| Given records |
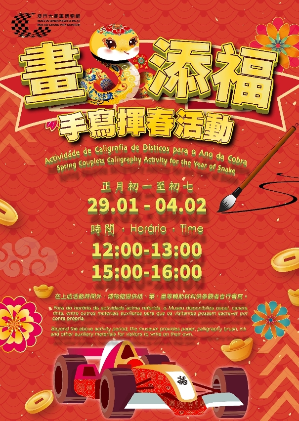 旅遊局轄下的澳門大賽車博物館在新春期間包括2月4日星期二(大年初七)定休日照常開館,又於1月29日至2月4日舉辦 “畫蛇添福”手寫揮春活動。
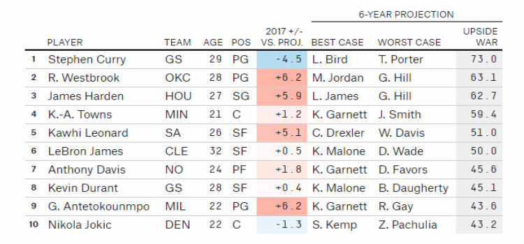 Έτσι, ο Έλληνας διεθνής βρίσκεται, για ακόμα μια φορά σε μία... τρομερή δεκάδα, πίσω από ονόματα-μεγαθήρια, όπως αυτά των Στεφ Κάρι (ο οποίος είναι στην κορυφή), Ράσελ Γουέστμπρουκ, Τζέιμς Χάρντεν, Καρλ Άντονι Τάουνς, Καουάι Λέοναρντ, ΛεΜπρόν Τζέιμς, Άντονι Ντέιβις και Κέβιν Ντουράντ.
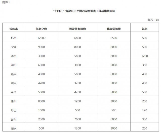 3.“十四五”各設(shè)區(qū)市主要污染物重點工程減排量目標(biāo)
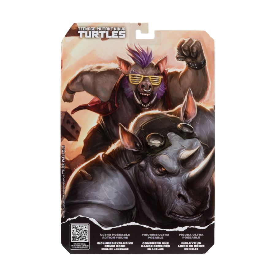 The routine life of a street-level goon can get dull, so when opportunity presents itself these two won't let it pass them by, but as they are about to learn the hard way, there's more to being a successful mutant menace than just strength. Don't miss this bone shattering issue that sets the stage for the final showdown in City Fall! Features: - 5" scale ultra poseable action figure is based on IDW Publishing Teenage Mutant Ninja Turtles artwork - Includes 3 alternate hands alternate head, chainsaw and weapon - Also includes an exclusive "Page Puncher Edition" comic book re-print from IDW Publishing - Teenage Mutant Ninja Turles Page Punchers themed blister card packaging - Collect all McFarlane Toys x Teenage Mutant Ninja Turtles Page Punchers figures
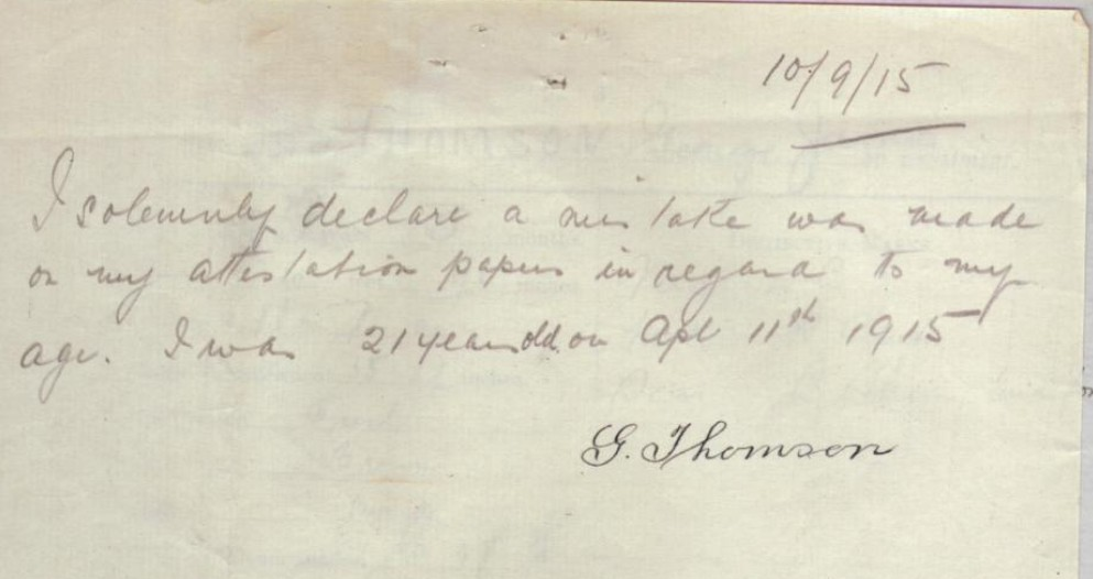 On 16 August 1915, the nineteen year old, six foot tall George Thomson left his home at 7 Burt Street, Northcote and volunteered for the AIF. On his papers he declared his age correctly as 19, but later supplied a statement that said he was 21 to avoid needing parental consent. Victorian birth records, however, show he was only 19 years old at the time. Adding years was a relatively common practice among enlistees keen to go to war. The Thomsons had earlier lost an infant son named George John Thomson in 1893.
==
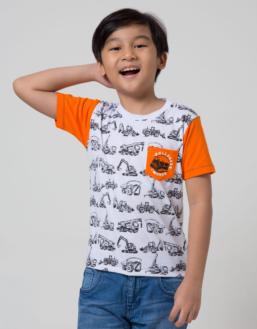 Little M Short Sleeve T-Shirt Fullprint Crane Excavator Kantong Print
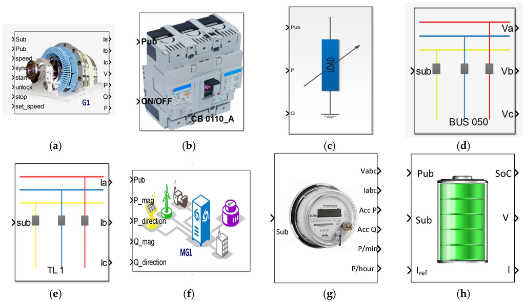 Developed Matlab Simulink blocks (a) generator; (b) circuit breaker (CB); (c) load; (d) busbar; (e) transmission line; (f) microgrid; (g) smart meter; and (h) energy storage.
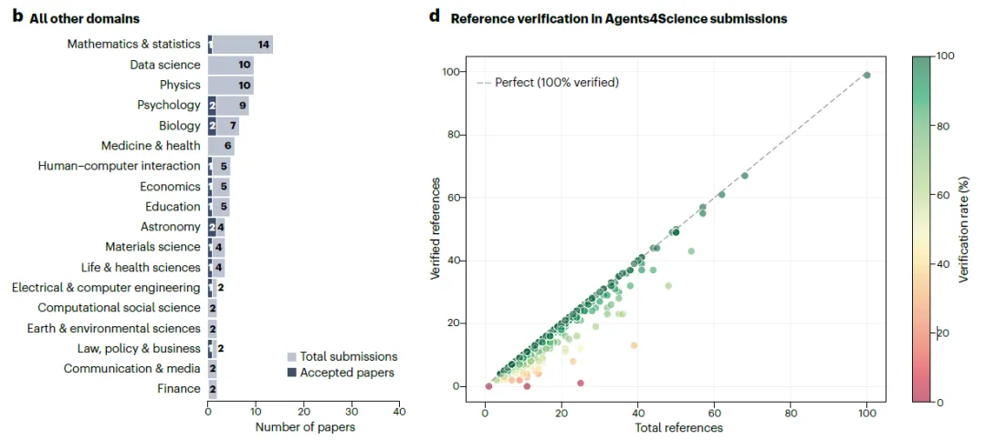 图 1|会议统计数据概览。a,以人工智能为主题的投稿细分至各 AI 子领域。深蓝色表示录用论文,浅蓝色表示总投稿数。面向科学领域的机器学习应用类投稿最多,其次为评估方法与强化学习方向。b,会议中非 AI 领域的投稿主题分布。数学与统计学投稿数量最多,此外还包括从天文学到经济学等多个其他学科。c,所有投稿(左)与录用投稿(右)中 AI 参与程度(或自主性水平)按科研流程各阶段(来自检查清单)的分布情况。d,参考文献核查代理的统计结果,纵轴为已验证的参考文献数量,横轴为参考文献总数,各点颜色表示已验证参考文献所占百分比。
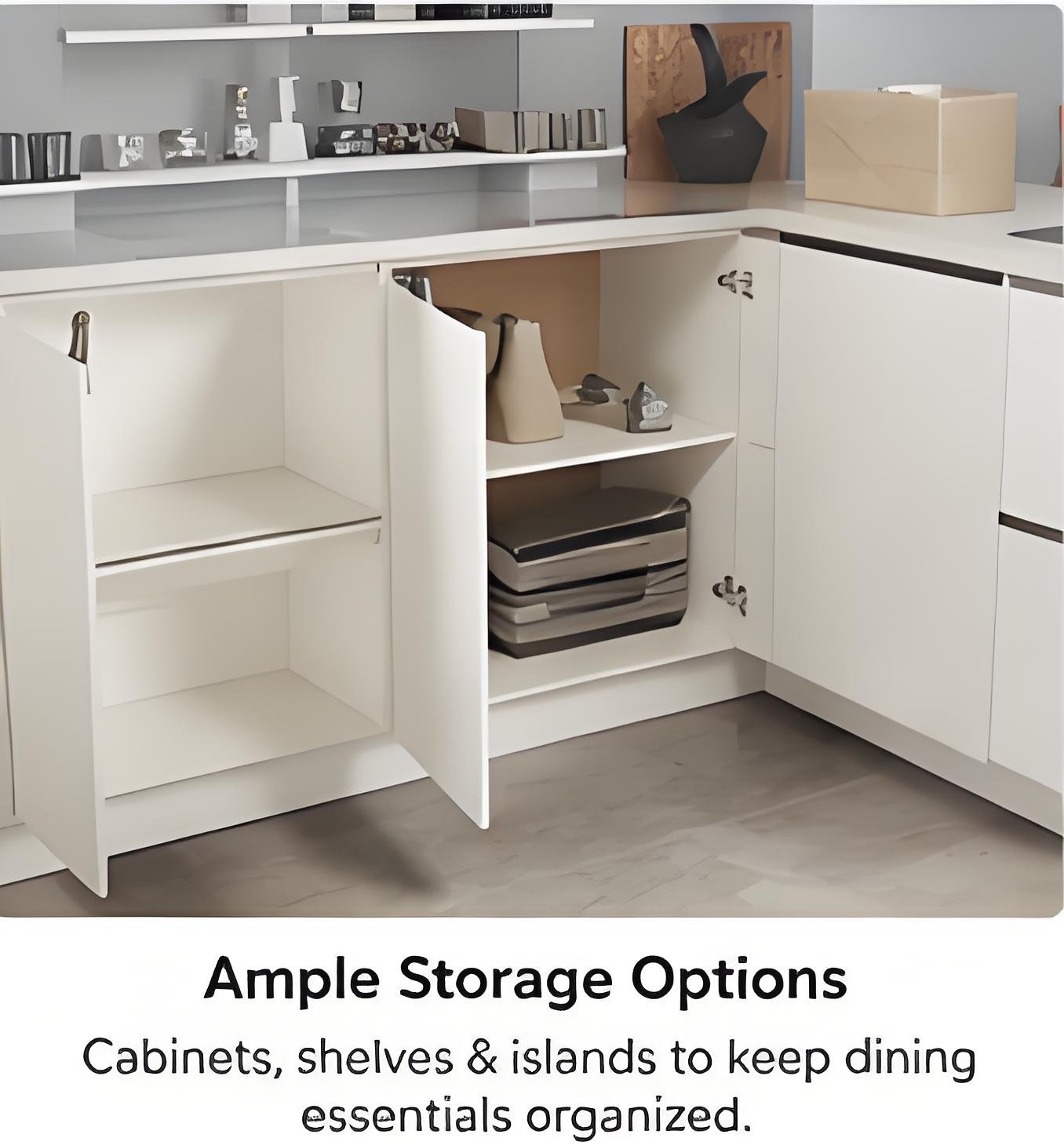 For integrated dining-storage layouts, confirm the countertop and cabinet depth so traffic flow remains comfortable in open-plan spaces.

| Problem to solve |
Without the pictures, give again exactly the lines above starting at the line containing "图 1|会议统计数据概览。a,以人工智能为主题的投稿细分至各 AI" and ending at the line containing "For integrated dining-storage".

| Solution to the exercise |
 图 1|会议统计数据概览。a,以人工智能为主题的投稿细分至各 AI 子领域。深蓝色表示录用论文,浅蓝色表示总投稿数。面向科学领域的机器学习应用类投稿最多,其次为评估方法与强化学习方向。b,会议中非 AI 领域的投稿主题分布。数学与统计学投稿数量最多,此外还包括从天文学到经济学等多个其他学科。c,所有投稿(左)与录用投稿(右)中 AI 参与程度(或自主性水平)按科研流程各阶段(来自检查清单)的分布情况。d,参考文献核查代理的统计结果,纵轴为已验证的参考文献数量,横轴为参考文献总数,各点颜色表示已验证参考文献所占百分比。
 For integrated dining-storage layouts, confirm the countertop and cabinet depth so traffic flow remains comfortable in open-plan spaces.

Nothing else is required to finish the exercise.